The implemented 3D H2/STO-3G two-point mesh agrees with an out-of-process PySCF KRHF/KMP2 calculation to (5.9\times10^{-10}) Ha in HF and (2.4\times10^{-10}) Ha in correlation energy per cell. The machine-readable record is docs/manuscripts/aiccm_comparison/data/h2_mp2_2026-06-21.json. MP2 currently fails closed in 1D and 2D until O1 supplies a common lower-dimensional Coulomb gauge.

Unrestricted MP2

For an unrestricted reference, occupied and virtual labels carry an explicit spin. With antisymmetrized same-spin integrals and ordinary opposite-spin integrals, the second-order correction is

[ E_{\mathrm{UMP2}}^{(2)}=E_{\alpha\alpha}^{(2)} +E_{\beta\beta}^{(2)}+E_{\alpha\beta}^{(2)}, ]

[ E_{\sigma\sigma}^{(2)}= \frac14\sum_{ij\in\sigma}\sum_{ab\in\sigma} \frac{|\langle i_\sigma j_\sigma\Vert a_\sigma b_\sigma\rangle|^2} {\varepsilon_i^\sigma+\varepsilon_j^\sigma -\varepsilon_a^\sigma-\varepsilon_b^\sigma}, ]

[ E_{\alpha\beta}^{(2)}= \sum_{i a\in\alpha}\sum_{j b\in\beta} \frac{|(i_\alpha a_\alpha|j_\beta b_\beta)|^2} {\varepsilon_i^\alpha+\varepsilon_j^\beta -\varepsilon_a^\alpha-\varepsilon_b^\beta}. ]

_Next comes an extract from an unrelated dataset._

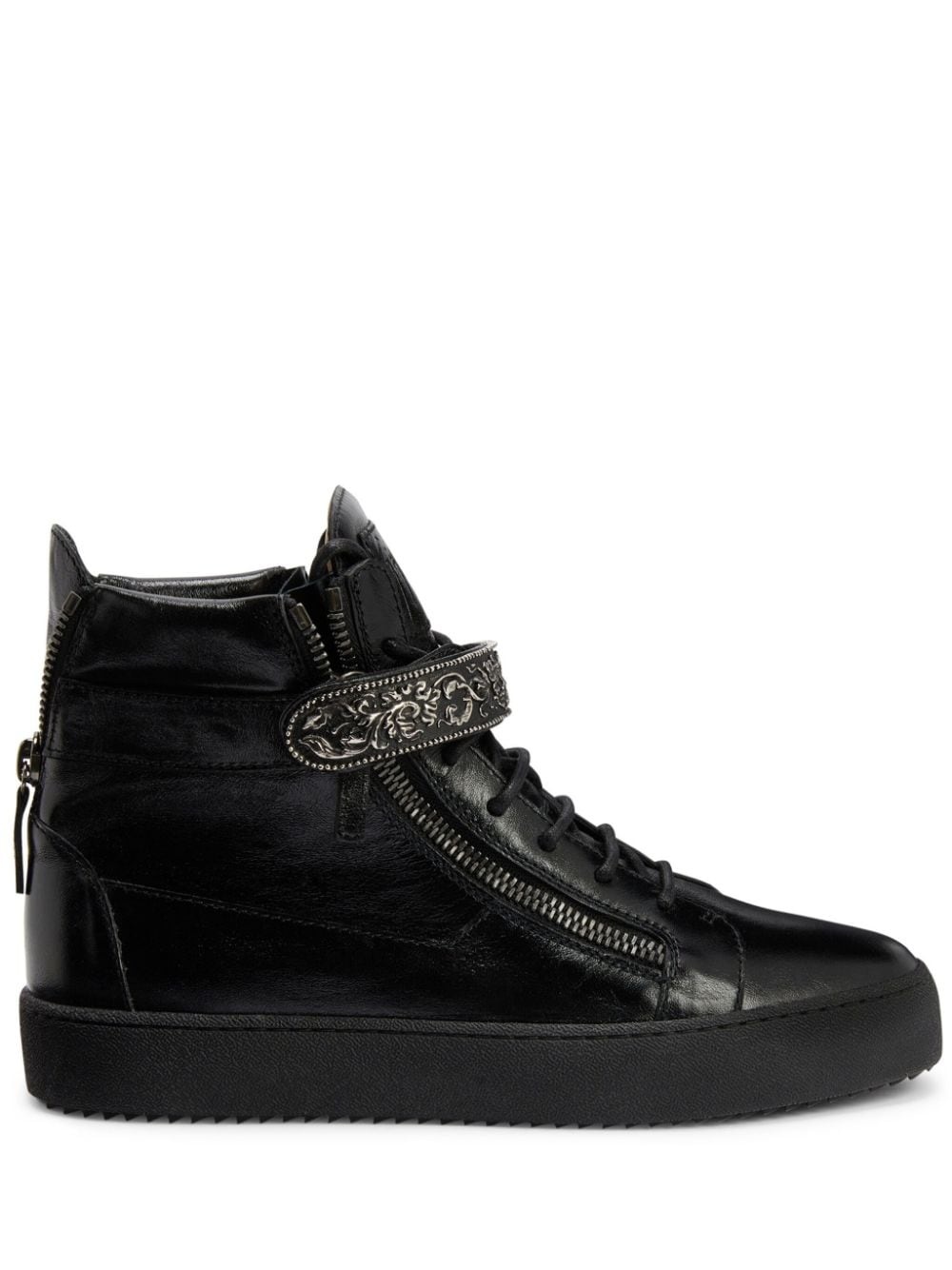 Coby Deluxe leather single-strap mid-top sneakers Highlights - Black - Calf leather - Mixed-metal hardware - Logo patch at the tongue - Round toe - Front lace-up fastening - Rear zip fastening - Branded insole - Flat rubber sole Made in Italy Composition Outer: Leather 100% Sole: Rubber 100% Lining: Calf Leather 100%

Every sum also contains the finite characters, with the same momentum conservation and one final division by (N_c) as the restricted expression. The implementation evaluates this equation after the exact inverse transform of the χ-CCM RI Hamiltonian. Zero PNO threshold and canonical occupieds give the full UMP2 result. Independent unitary localization of the alpha and beta occupied projectors leaves both spin densities invariant; the coupled local MP2 equations are then required because each localized occupied Fock block is not diagonal.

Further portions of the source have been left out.